Isolation of four high-purity dammarane saponins from extract of Panax notoginseng by centrifugal partition chromatography coupled with evaporative light scattering detection in one operation.

INTRODUCTION

Centrifugal partition chromatography (CPC), as a continuous liquid-liquid partition chromatography with no solid support matrix, combined with evaporative light scattering detection (ELSD) was employed for systematic separation and purification of weak-chromophoric saponins from a highly valued and important traditional Chinese herbal medicine, Panax notoginseng.

OBJECTIVE

To separate and isolate high-purity saponins from extract of Panax notoginseng using CPC-ELSD with a simple and low toxicity solvent system.

METHODOLOGY

Samples were preparaed by extracting the root material with acetone, treated with n-butanol and then freeze-dried. CPC-ELSD was applied in the separation and detection of notoginsenoside and ginsenosides from extract of Panax notoginseng using a solvent system composed of ethyl acetate-n-butanol-water (1:1:2, v/v/v).

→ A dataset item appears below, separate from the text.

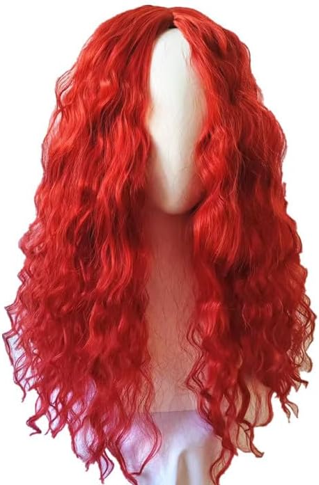 Parrucca da donna con capelli rossi lunghi e ondulati, per cosplay e feste in costume anim

The saponins were analysed and identified by their retention time with high-performance liquid chromatography (HPLC) coupled with ELSD, as well as electrospray ionisation tandem mass spectrometry (ESI-MS(n) ) in the negative and positive ion modes with the authentic standards.

RESULTS

A total of 9.6 mg of notoginsenoside R₁, 67.8 mg of ginsenoside Rg₁, 2.3 mg of Re and 286.5 mg of Rb₁ were purified from 487.2 mg of n-butanol extract of P. notoginseng. The purities of obtained saponins in a single run were assessed to be over 98% by HPLC-ELSD.

CONCLUSION

CPC-ELSD was proved to be a very fast and efficient tool for separation of high-purity dammarane saponins.